## [Instructions to follow]
The reply must contain exactly the lines below from the one with "色水遊びでは、バケツの中に水" down to the one with "2022年度吉林省软件大赛于10月26日正式启动报名!欢迎管信学子踊跃参加!", both included, and nothing more; please omit the pictures.

## [Records for this exercise]

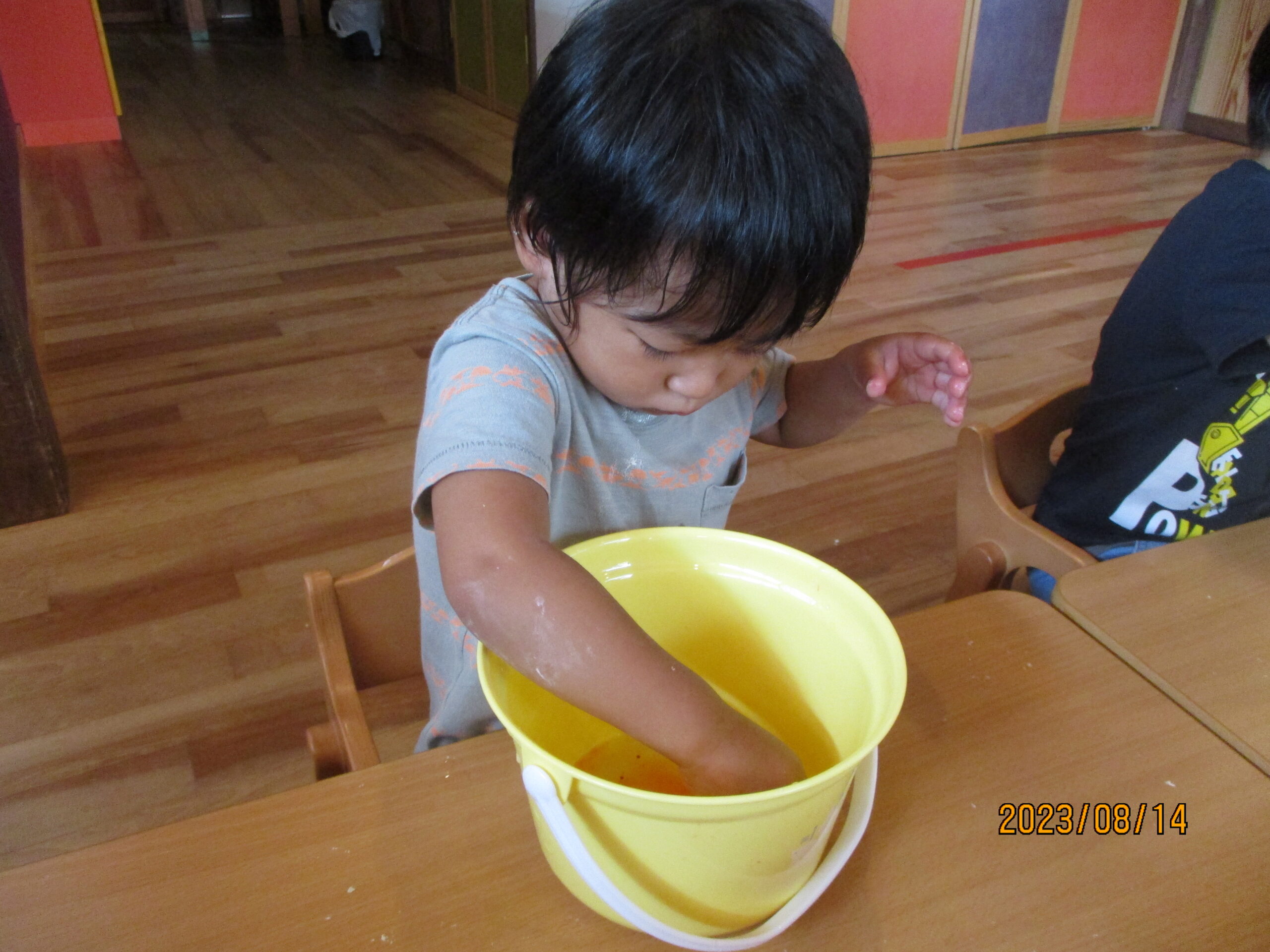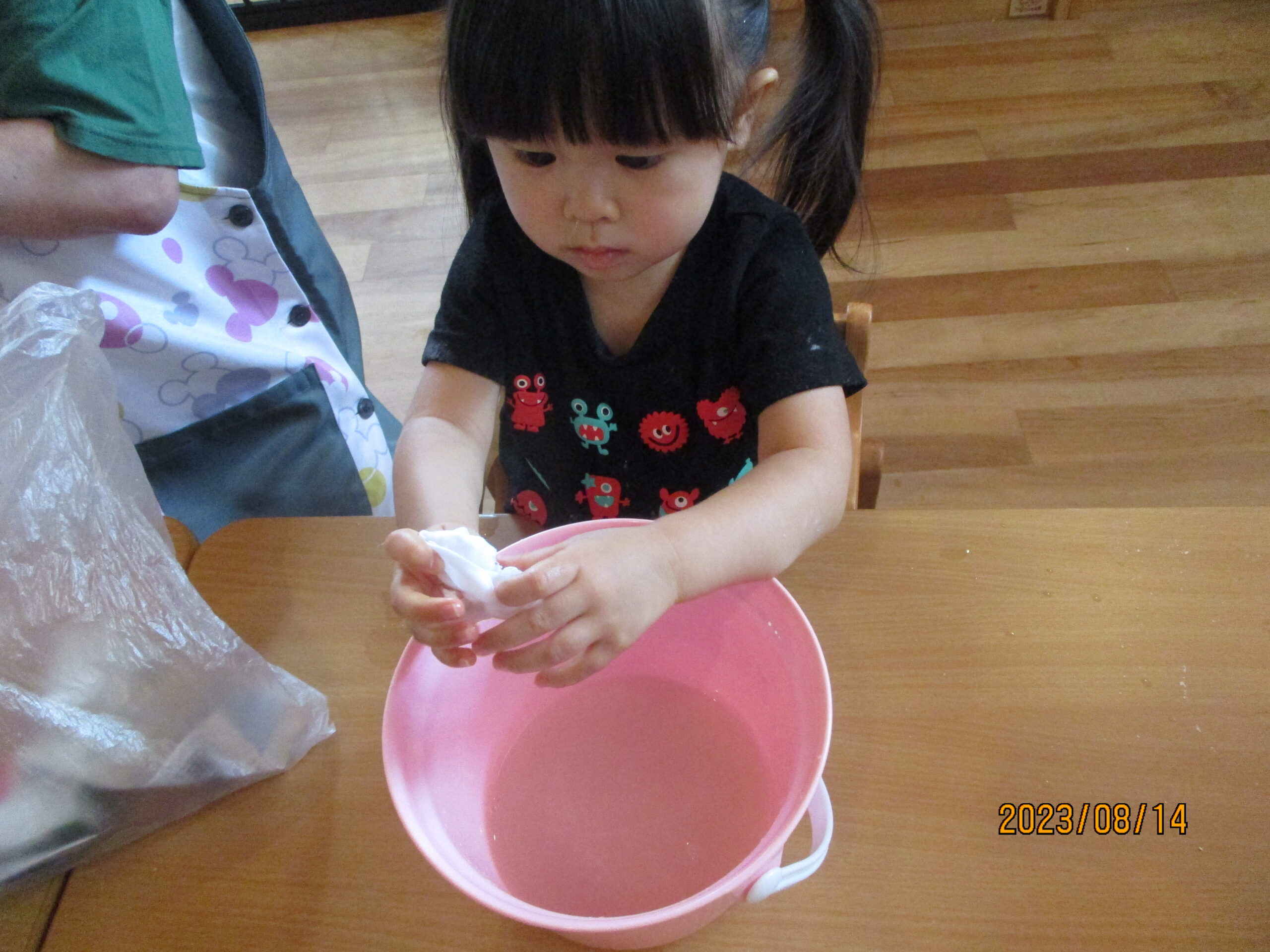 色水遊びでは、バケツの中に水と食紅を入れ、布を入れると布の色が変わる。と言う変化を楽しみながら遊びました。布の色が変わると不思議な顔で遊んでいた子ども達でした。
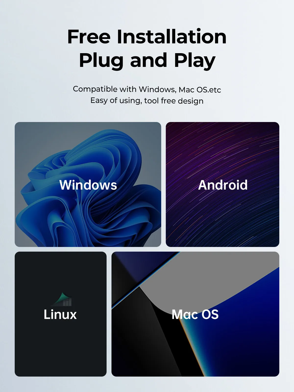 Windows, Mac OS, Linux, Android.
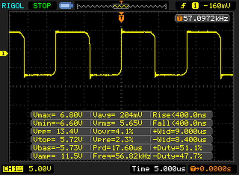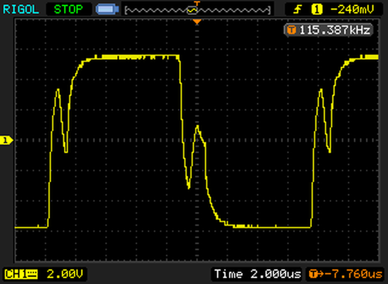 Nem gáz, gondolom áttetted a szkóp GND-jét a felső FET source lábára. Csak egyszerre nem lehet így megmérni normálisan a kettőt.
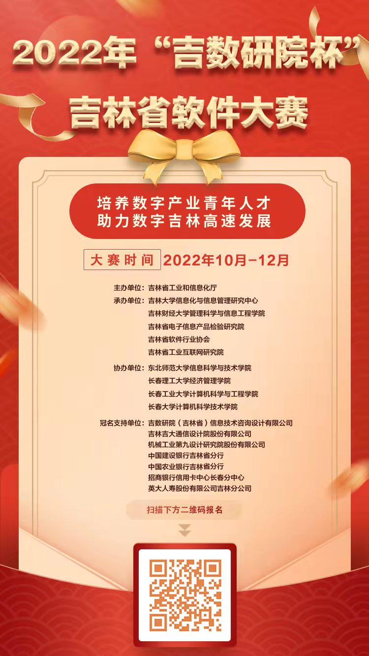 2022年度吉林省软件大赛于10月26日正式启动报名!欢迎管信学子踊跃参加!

...

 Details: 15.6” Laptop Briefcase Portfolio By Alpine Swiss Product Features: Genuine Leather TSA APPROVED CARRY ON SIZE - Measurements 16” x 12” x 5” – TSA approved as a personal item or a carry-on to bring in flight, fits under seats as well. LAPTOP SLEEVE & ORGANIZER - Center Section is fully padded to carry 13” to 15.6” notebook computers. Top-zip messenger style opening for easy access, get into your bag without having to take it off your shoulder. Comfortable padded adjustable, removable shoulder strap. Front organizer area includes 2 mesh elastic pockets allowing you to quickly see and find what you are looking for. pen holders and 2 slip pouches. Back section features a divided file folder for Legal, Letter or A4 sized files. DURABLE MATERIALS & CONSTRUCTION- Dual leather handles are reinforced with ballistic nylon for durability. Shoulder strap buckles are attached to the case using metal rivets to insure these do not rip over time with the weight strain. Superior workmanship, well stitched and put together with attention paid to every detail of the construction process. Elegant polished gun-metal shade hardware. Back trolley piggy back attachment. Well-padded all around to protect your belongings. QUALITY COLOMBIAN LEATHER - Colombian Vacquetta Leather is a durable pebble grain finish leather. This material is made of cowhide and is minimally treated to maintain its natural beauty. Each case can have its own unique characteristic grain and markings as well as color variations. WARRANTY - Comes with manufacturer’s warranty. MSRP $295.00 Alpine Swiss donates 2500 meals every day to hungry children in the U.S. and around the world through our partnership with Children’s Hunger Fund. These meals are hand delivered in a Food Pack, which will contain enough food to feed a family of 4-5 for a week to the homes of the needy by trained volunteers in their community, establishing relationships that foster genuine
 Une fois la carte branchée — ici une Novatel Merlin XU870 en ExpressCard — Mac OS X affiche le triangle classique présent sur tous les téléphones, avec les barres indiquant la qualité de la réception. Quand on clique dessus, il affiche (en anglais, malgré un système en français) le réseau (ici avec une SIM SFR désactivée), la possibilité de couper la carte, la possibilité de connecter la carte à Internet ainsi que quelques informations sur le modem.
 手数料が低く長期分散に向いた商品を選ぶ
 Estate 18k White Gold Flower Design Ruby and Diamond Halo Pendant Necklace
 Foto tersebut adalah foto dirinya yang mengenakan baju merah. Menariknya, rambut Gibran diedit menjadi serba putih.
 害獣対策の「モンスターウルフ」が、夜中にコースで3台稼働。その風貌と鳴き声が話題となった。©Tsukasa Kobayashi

## [Answer box]
 色水遊びでは、バケツの中に水と食紅を入れ、布を入れると布の色が変わる。と言う変化を楽しみながら遊びました。布の色が変わると不思議な顔で遊んでいた子ども達でした。
 Windows, Mac OS, Linux, Android.
 Nem gáz, gondolom áttetted a szkóp GND-jét a felső FET source lábára. Csak egyszerre nem lehet így megmérni normálisan a kettőt.
 2022年度吉林省软件大赛于10月26日正式启动报名!欢迎管信学子踊跃参加!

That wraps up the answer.